Осенние дни 1933 года Муравкин провел в Москве, с интересом посещая выставки и театры. Беспокоила мысль о родителях, которые еще оставались в Германии, о политической обстановке там.

В начале ноября 1933 года Муравкин был зачислен в НИИ связи и электромеханики РККА для «работы по сверхвысоким напряжениям и атомному ядру». В этой связи Муравкина принимал М.П. Тухачевский, который отлично понимал значение атомной энергии. Он оказал содействие в переезде родителей Муравкина из Берлина в Москву.

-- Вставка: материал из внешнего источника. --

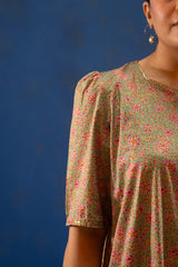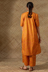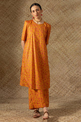 Gold printed classic-fit shirt adorned with delicate mukaish detailing along the neckline and sleeve hems. Designed with soft puff sleeves. Paired with matching printed culottes.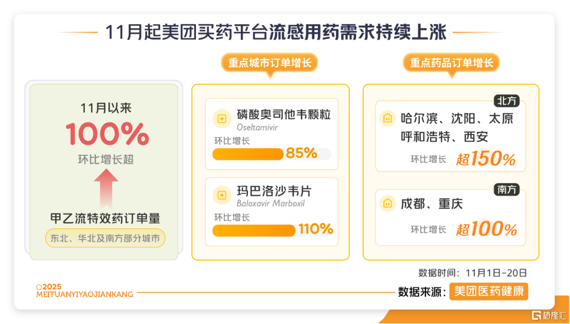 美团买药平台数据指出,11月以来北京甲乙流特效药环比增长超130%。其中,速福达增长超110%,磷酸奥司他韦颗粒增长超85%。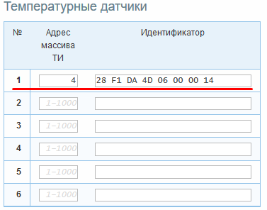 Внимание: если к контроллеру подключен только один датчик температуры, то заполнять параметр «Идентификатор» не обязательно.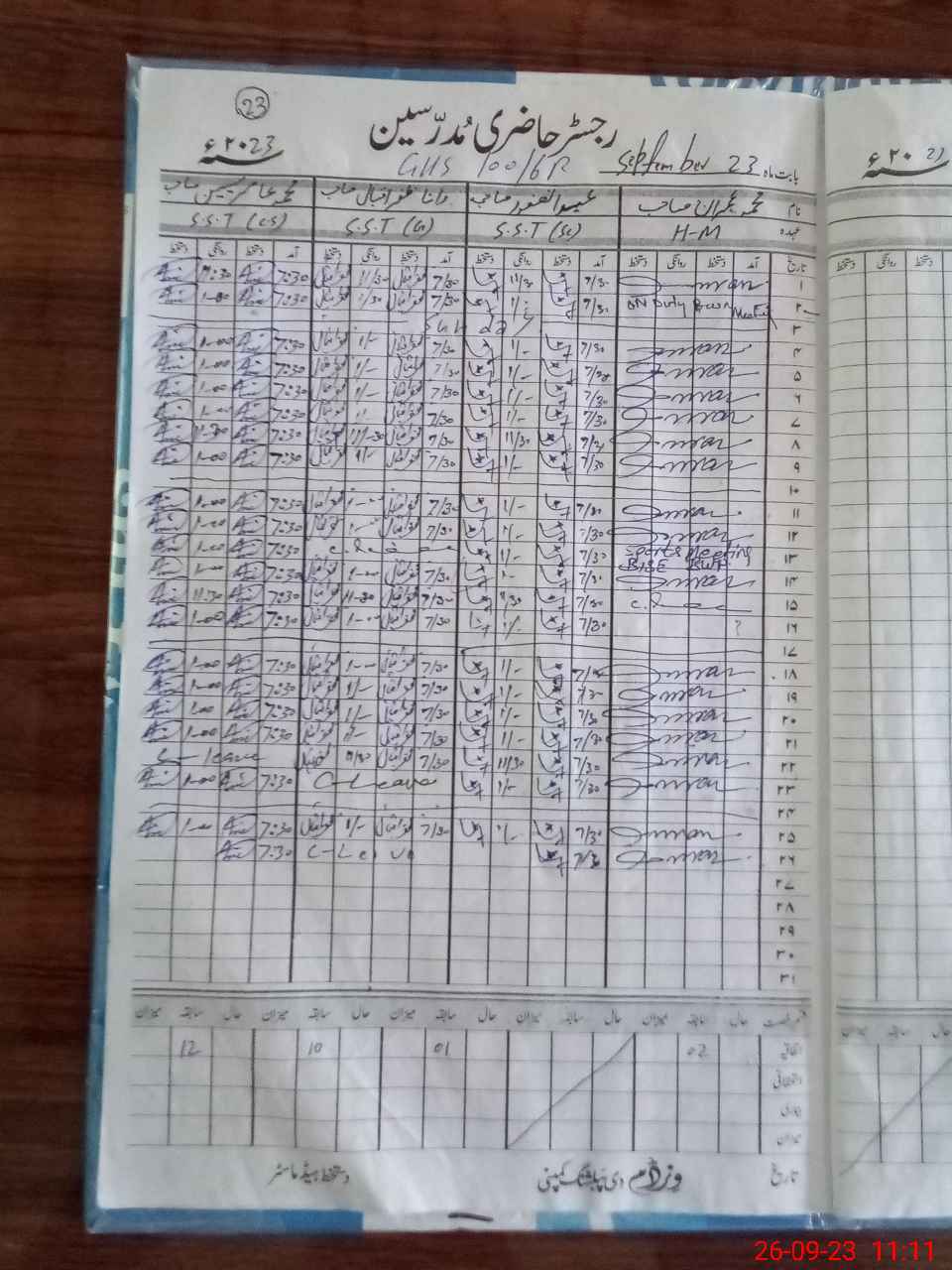 | CNIC | Full Name | Designation | R/C | Absence During Last Calender Month |

Но НИИ РККА оказался не приспособленным для намеченных Муравкиным работ. Тогда он уже сам вновь обратился к Тухачевскому, который предложил создать Муравкину все необходимые для его работы условия в Ленинградском электрофизическом институте (ЛЭФИ). В ЛЭФИ Муравкин активно включился в работу, но из-за организационных неурядиц не получил поддержки со стороны руководства института, а в мае 1935 года вообще был уволен из института, а его группа расформирована.

К.А. Дунцу и заместителю начальника разведки Б.Д. Берману стоило немалых трудов вернуть из ЛЭФИ научный архив Муравкина. После его увольнения сотрудник спецотдела этого института в ответ на их просьбу писал: «Значительная часть материалов не представляет ценности в научном отношении. Кроме того, материалы являются черновыми набросками и небрежно составлены, что не дает возможности с ними разобраться. Да вряд ли Муравкин и сам с ними разберется. Вообще же эти материалы в значительной части без ущерба могут быть уничтожены. Муравкин с ними только поднимает шум».

Увольнение Муравкина из ЛЭФИ совпало со временем, когда в харьковском институте группа физиков во главе с Ландау подвергалась гонениям за то, что занималась «неактуальной проблемой расщепления атомного ядра». Хотя, по данным разведки, именно в это время американцы стали интересоваться тем же Ланге и его коллегами.

Что же касается Муравкина, то, получив из ЛЭФИ свой архив, он попросил К.А. Дунца снабдить его материалами Калифорнийского технологического института и Принстонского университета для ознакомления с уровнем американских работ по той же теме.

26 сентября 1935 г. в Экономическом управлении ОГПУ было подготовлено для Муравкина письмо в ЛЭФИ, в котором говорилось: «ИНО ГУГБ считает возможным восстановление Муравкина на работе в ЛЭФИ и допущение его к проводившимся уже совершенно секретным работам в области поражающих лучей». Подписывая это письмо, заместитель начальника разведки Берман красным карандашом написал: «Считаю не только возможным, но и нужным для дела использовать Муравкина по его специальности». Однако в ЛЭФИ Муравкин все же не попал.

В архиве внешней разведки сохранилась подписанная начальником внешней разведки А.А. Слуцким справка на Муравкина от апреля 1936 года о том, что каких-либо компрометирующих его сведений не имеется. Время для безработного Муравкина тянулось слишком медленно. Наконец ему помогли устроиться во Всесоюзный энергетический институт в Москве.

Наступал трудный период, связанный с недоверием к людям, особенно тем, кто длительное время проживал за границей. Еще через полгода Муравкин был арестован органами НКВД. Дальнейшая его судьба не известна.